China's quarterly report card is in, and it's bad — but Beijing is unlikely to step in and prop up the economy just yet
- China posted GDP growth of 6.3% in the second quarter of 2023, badly missing expectations.
- The GDP print was off a low base in 2022 and up just 0.8% on-quarter.
- Even so, China is unlikely to unleash major stimulus measures to boost the economy because it's already in so much debt.
The world's second-largest economy is in trouble, but analysts say Beijing is unlikely to step in with a massive stimulus just yet.
China has been reporting disappointing data in the last few months after a post-COVID growth spurt slowed. On Monday, China said its GDP grew by 6.3% in the second quarter from a year ago — a big miss from the 7.3% economists polled by Reuters had forecast.
And while the GDP did grow year-on-year, it bears noting that the comparison is with a low base from last year when China's economy was battered by on-off COVID-19 restrictions.
All these troubles have forced a discussion on a potential stimulus package from the government. "There are growing hopes for 'big bang' stimulus to fire up China's growth," Vishnu Varathan, the head of economics and strategy at Mizuho Bank, wrote in a Monday note before China's second-quarter GDP release.
But any shot in the arm is likely to be limited and targeted, other analysts say.
For starters, China has already signaled that while it would roll out more policy support for the economy, it wouldn't be overly aggressive with the measures.
In March, the Chinese central bank already cut the reserve requirement ratio — the amount of cash banks need to hold as reserves — and shaved its benchmark lending rates by 0.1 percentage point in June.
"The policy measures launched in the early stage are taking effect, and we must be patient and confident in the sustained and stable economic growth," Liu Guoqiang, the deputy governor of the Chinese central bank told reporters on Friday, according to Insider's translation of the official transcript.
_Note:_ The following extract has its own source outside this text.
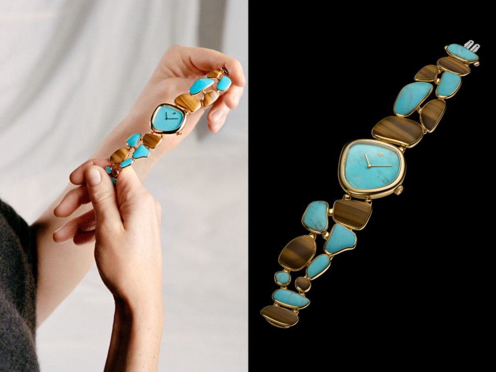 首款作品的创作灵感汲取自汝山谷的自然景致。新作名为“ÉtablisseursGalets鹅卵拾光”腕表,令人联想到经汝湖(Lac de Joux)湖水冲刷打磨成形的圆润卵石。此款时分显示腕表采用18K黄金打造,配备椭圆形天然宝石表盘。链带由形态各异的链节组成,每一枚链节均镶嵌宝石,彼此之间以微型金质球形关节相连,随着腕部动作灵活转动,宛如水流中的卵石般灵动自如。表盘采用简约设计,未设任何时标,着意凸显天然宝石的纹理美感。盘面点缀以黄金制成的AP字母标识和棒状指针,营造出撞色效果。新作从1972年的Arabella腕表中汲取灵感,搭载Calibre 3098机芯。此款机芯衍生自爱彼于1999年自主研制的首款机芯——9法分Calibre 3090机芯。新款机芯的设计依循表壳的卵石造型,桥板采用独特珍罕的手工粒纹工艺打磨装饰。腕表将精妙的珠宝艺术、制表技艺与宝石切割工艺融为一体,由同一位制表师完成组装、调校和表壳装配工序,延续了分工协作制表时代的组织模式。此款新作将于2026年推出五种不同天然宝石组合的款式。

In the past, China has tried to stimulate domestic demand on a large scale — usually with infrastructure and housing project developments.
But this has contributed to the already massive debt levels in the country's economy — China's total debt to GDP ratio already hit a record high of nearly 300% in the first quarter of the year, according to a May 8 Bloomberg analysis based on official data.
The inherent risk with such high debt levels is that a default threatens a domino impact on the Chinese economy — and even the world.
"There are a lot of expectations on the Chinese government to have more stimulus policies. I don't think this is real," Zhu Min, a former deputy managing director of the International Monetary Fund said at the World Economic Forum's "Summer Davos" in Tianjin, China, on June 29, per Bloomberg.
Robert Carnell, ING's head of research for Asia Pacific wrote in a July 6 note that China is already a "debt-fueled sector in an economy which is already sitting on large amounts of debt."
"Allowing this sector's weakness to run its course may hurt growth now, but this is probably viewed as a price worth paying for more sustainable crisis-free growth ahead," Carnell added.
All this just means investors will have to sit tight for the ride ahead and not hold out for a quick rebound.
That's because Beijing may not even hit the 5% GDP growth target it has set for itself this year even as they roll out support measures to stimulate the economy, Nomura economists wrote in a Monday note seen by Insider.
"We believe markets should curb their expectations for a fast, cure-all package and instead embrace expectations of a growth slowdown to below 4.0% in 2024," the economists added.